[[ Material shown open ]]

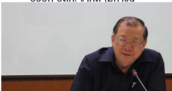
ศ.ดร.พลาพล คุ้มทรัพย์ อดีตคณบดีคณะเศรษฐศาสตร์ มหาวิทยาลัยธรรมศาสตร์
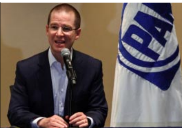
CIUDAD DE MEXICO.- En un comunicado, en el que el CEN presentó su posicionamiento al respecto, el blanquiazul advirtió que la actual dirigencia está concentrada totalmente en sus responsabilidades estatutarias.

Reiteró que «Todo el esfuerzo de los panistas debe estar enfocado a lograr la alternancia en estos estados y continuar el rumbo de la victoria hacia el 2018».
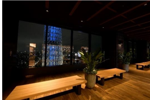
▲ミニ JAZZ ライブ実施場所 (イメージ)
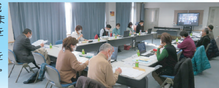
写真手前 左より:保坂社協会長/吉岡/岩下地活協会長

*第2層(各地域単位)生活支援コーディネーター活動とは? 地域での高齢者のつながりづくりに取り組んでいます。
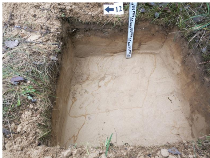
50. Šurfo nr. 12 V pjūvis
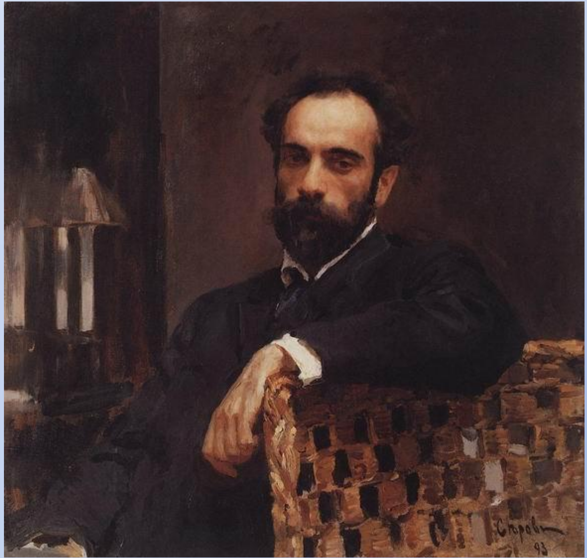
В. А. Серов. Портрет И. Левитана

Совершенно другим Серов изобразил на портрете Исаака Левитана, который не позирует – просто погружен в свои невеселые думы. Колорит картины скуп. Интерьер беден до аскетизма. Главное, на чем сосредоточил художник свое внимание, - состояние души Левитана. Внимание привлекает задумчивый, глубокий взгляд темных глаз, в которых, кажется, сосредоточена вся мировая скорбь.
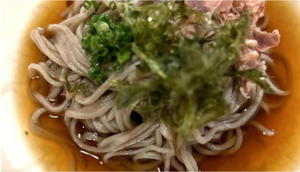
旬味 泰平 蕎麦
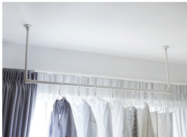
ホワイト 天井付 Cタイプ 製品高さ450mm
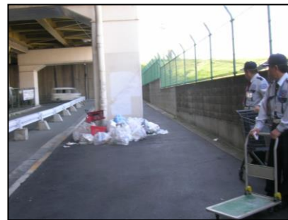
市街地に投棄されたBBQゴミ
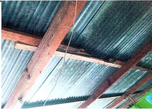
Foto 9: Sustitución de estructura de soporte de madera por metal, módulo No. 1
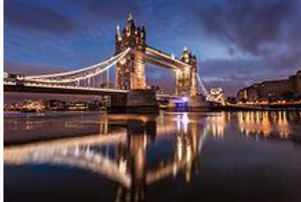
Tower Bridge at dawn

The bridge is 800 feet (240 m) in length with two towers each 213 feet (65 m) high, built on piers. [38] The central span of 200 feet (61 m) between the towers is split into two equal bascules or leaves, which can be raised to an angle of 86 degrees to allow river traffic to pass. The bascules, weighing over 1,000 tons each, are counterbalanced to minimise the force required and allow raising in five minutes.
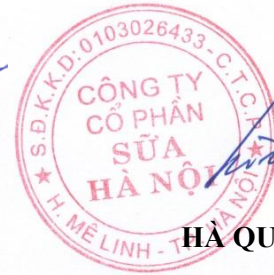
HÀ QUANG TUẤN
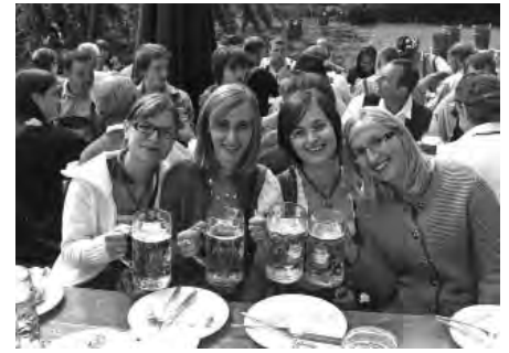
Na, dann Prost auf dem Hopfazupfa Fest.

rainer trinkt Maxlrainer“ fühlten wir uns verstanden und wohl. Nach der kleinen Stärkung führte uns der Direktor höchstpersönlich durch die Brauerei: Sudhaus, Gärkeller, Lagerkeller, Abfüllung. An die verschiedenen Gerüche musste man sich erst einmal gewöhnen. Die bayerische Herzlichkeit nahm nach der Führung kein Ende und wir wurden zum Mittagessen eingeladen: Ochsenbraten, Spatzlen und Bratwürste standen auf der Speisekarte. Verschiedene Musikgruppen umrahmten das Fest und der Höhepunkt war natürlich das Hopfazupfa (zu deutsch: Hopfen zupfen). Es wurde um die Wette gezupft und wer innerhalb weniger Minuten am meisten Hopfen in einen Korb gezupft hatte, war der Sieger. Unser Ferdl sonderete sich bald ab, setzte sich inmitten des Hopfenfeldes und zupfte und zupfte so lange bis er eine Kiste Bier dafür
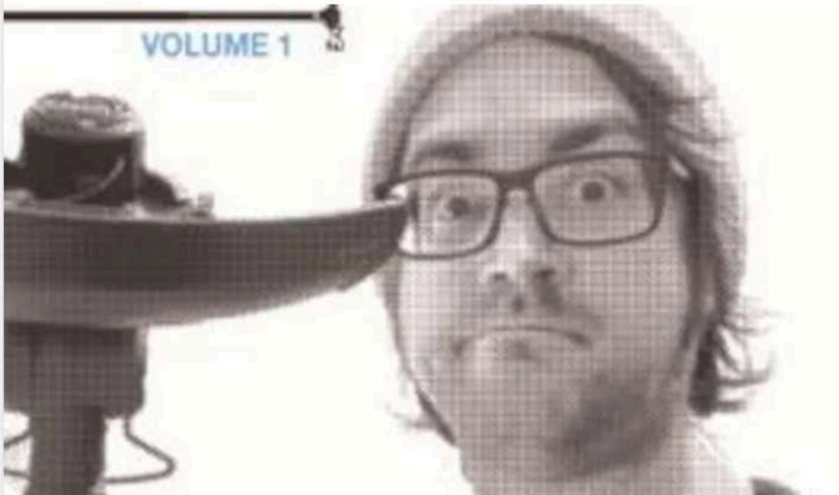
La pochette de l'album « Et les mangeux de baloni (Vol. 1) » de Plywood Joe.
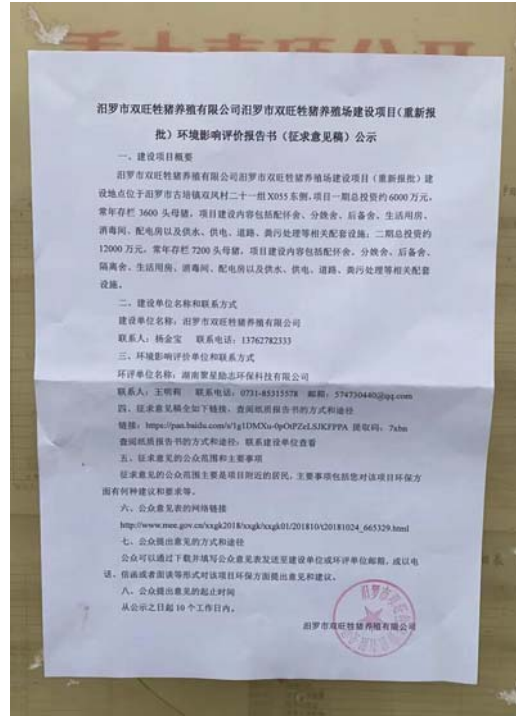
图 3.2-6 村委会公示栏现场公示
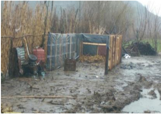
Foto 3 Kompostimi në Dajç, Shkurt 2015
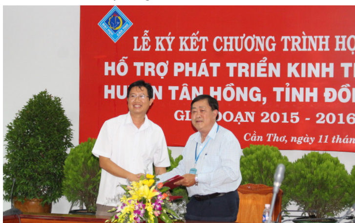
Đại diện các bên tiến hành ký kết hợp tác dưới sự chứng kiến của các thành viên tham dự.
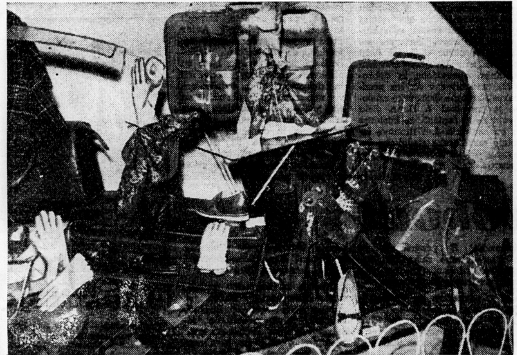
Na razstavi mode v Ljubljani razstavlja trgovsko podjetje »Usnje« med drugim izdelke tovarne »Toko« iz Domžal, ki so dobili visoko priznanje tudi na inozemskih trgih

Posebej je razstavljena moška moda. Tu so razstavljene torbice »Safiana«, pripravne za službena in druga potovanja, kravatne tovarne »Svilanite« iz Kamnika, vse vrste letnega in zimskega blaga za obleke in plašče ter razne toaletne potreb-
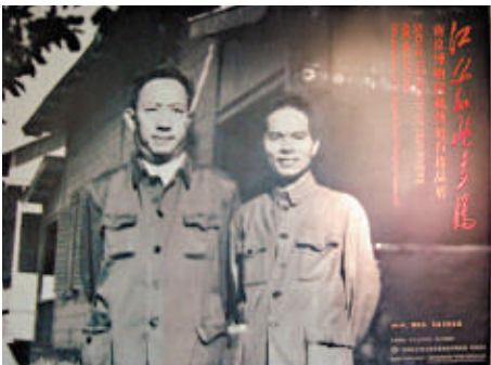
▲關山月（右）與傅抱石五十年前合作大型國畫《江山如此多嬌》

深圳的展覽結束後，將在廣州（廣州美術學院美術館，十月二十五日至十一月四日）和北京（中國美術館，十一月十八日至十一月二

[[ Material shown closed ]]

## Exercise directions
Each line above that includes the word "Серов" is to be copied.

## Exercise response
В. А. Серов. Портрет И. Левитана
Совершенно другим Серов изобразил на портрете Исаака Левитана, который не позирует – просто погружен в свои невеселые думы. Колорит картины скуп. Интерьер беден до аскетизма. Главное, на чем сосредоточил художник свое внимание, - состояние души Левитана. Внимание привлекает задумчивый, глубокий взгляд темных глаз, в которых, кажется, сосредоточена вся мировая скорбь.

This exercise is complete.